Further along, the trail goes behind Kennywood amusement park. This park began in 1898 and has been giving Pittsburgh residents vertiginous thrills for over 120 years. My grade school days were mostly spent in the suburbs of Pittsburgh, and in days long past, towards the end of the school year they would pack us youngsters in buses and let us run amok all over the park. We would spend the day going on all the roller coasters and other rides that our youthful bodies could manage. Kennywood was the essence of summer vacation for us, as much as Otter pops, sparklers, and freshly cut grass.

Moving along from old memories, I followed the trail over old metal bridges into McKeesport, where the Youghiogheny (pronounced yock/i/gainey) river meets the Monongahela. The trail then goes southeast along the “yough” river to Boston. Boston, Pennsylvania, that is. Unlike the big Boston, little Boston is a sweet little town with parks, baseball fields, a welcoming visitor station and an old railroad car on display. There are old mills from earlier times that are no longer running, and one can imagine what the town was like in its heyday.

The trail continues through a wooded path along the river. My stop after 50 miles was in Connellsville, after riding along the river and through sleepy small towns that time forgot. Connellsville was the site of a camp for British General Edward Braddock during the French and Indian war. Included in his troops at the time was the young George Washington. Things didn’t go well for General Braddock, but George Washington fared a little better, I think.

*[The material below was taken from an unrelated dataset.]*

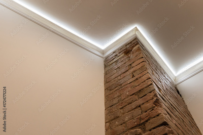 A contemporary interior featuring an exposed brick pillar in white room

The next morning I headed further through Ohiopyle State Park, a haven for kayakers, river rafters, bikers and other outdoor enthusiasts. The welcoming town has a plethora of restaurants, shops and inns catering to visitors, and the waterfalls in the park are a must-see.

I stopped after nearly 40 miles to rest up for the final day. From Pittsburgh to Connellsville, the trail is pretty flat, but then it picks up steadily in elevation gain past that. While the grade isn’t more than 2%, a bit past Ohiopyle one really starts to notice it. So on the last day, I climbed steadily for 30 miles, past forests and farmlands, over viaducts and bridges upwards toward the Eastern Continental Divide at an elevation of 2,392 feet. By the time I made it I was questioning my sanity in doing this trip, but then the elevation and my mind state changed course. After the divide, there is an elevation drop of over 1500 feet in the course of 23 miles. Not roller coaster worthy, but still fun to do on a bike. I enjoyed riding through the well-lit Big Savage Tunnel, past the Mason-Dixon Line, and all the way into Cumberland. There may have been a few moments in which I did an impersonation of the Geico pig, but there were no witnesses to confirm or deny that event.

If you asked me that day when I had just finished if I would do it again next year, you may have received an icy stare. But now that the body has recovered (or forgotten)… well, I might. But after nearly ten years of saying “someday”, I’m glad I found that round tuit.